Data for review>
■ ■ ■ ■ ■ ■ ■
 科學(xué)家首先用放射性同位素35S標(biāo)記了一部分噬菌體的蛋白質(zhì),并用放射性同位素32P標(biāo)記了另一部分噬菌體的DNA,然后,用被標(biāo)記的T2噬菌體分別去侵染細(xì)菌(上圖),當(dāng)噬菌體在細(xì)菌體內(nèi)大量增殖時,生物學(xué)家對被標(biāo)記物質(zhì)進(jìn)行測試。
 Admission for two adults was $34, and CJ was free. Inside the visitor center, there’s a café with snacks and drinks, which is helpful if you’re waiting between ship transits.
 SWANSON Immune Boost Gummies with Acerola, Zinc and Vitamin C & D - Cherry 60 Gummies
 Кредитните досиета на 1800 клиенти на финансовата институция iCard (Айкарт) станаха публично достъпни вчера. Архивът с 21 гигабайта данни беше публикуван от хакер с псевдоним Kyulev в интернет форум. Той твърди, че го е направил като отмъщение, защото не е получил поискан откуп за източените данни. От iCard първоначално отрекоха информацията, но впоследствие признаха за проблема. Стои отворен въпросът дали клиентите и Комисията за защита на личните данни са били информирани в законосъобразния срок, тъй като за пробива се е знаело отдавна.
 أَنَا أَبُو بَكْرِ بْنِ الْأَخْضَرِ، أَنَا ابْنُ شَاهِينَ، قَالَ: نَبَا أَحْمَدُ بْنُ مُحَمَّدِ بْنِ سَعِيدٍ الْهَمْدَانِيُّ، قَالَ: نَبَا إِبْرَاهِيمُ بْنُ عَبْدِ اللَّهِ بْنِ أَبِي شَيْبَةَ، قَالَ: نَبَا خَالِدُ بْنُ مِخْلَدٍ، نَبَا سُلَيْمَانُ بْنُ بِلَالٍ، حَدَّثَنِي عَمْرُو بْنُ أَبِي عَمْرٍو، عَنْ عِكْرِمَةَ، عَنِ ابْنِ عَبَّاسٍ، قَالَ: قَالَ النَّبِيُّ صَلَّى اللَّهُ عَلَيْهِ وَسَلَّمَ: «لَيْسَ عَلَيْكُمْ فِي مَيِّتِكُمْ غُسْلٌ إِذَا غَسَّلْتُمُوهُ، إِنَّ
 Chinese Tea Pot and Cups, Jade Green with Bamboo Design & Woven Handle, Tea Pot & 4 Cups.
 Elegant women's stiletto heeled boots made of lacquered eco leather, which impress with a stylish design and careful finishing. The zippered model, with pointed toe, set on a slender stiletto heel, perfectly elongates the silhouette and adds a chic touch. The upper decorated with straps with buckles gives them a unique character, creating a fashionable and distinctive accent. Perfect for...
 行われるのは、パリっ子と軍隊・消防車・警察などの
■ ■ ■ ■ ■ ■ ■
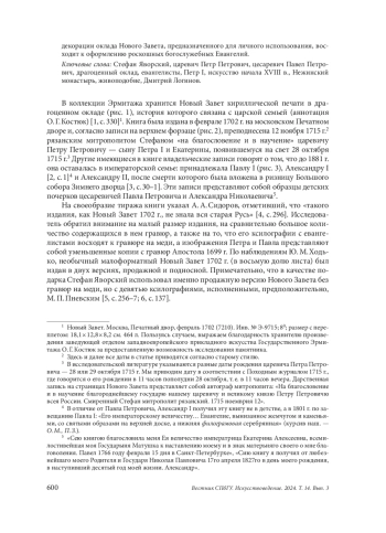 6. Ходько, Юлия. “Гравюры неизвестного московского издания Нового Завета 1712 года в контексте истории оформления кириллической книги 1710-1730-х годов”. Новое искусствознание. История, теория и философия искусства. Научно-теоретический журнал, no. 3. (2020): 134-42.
■ ■ ■ ■ ■ ■ ■
What is expected> The lines above starting at the one that contains "Elegant women's stiletto" and ending at the one that contains "行われるのは、パリっ子と軍隊・消防車・警察などの" must be transcribed exactly, and no other lines may appear.

Reply to the exercise>
 Elegant women's stiletto heeled boots made of lacquered eco leather, which impress with a stylish design and careful finishing. The zippered model, with pointed toe, set on a slender stiletto heel, perfectly elongates the silhouette and adds a chic touch. The upper decorated with straps with buckles gives them a unique character, creating a fashionable and distinctive accent. Perfect for...
 行われるのは、パリっ子と軍隊・消防車・警察などの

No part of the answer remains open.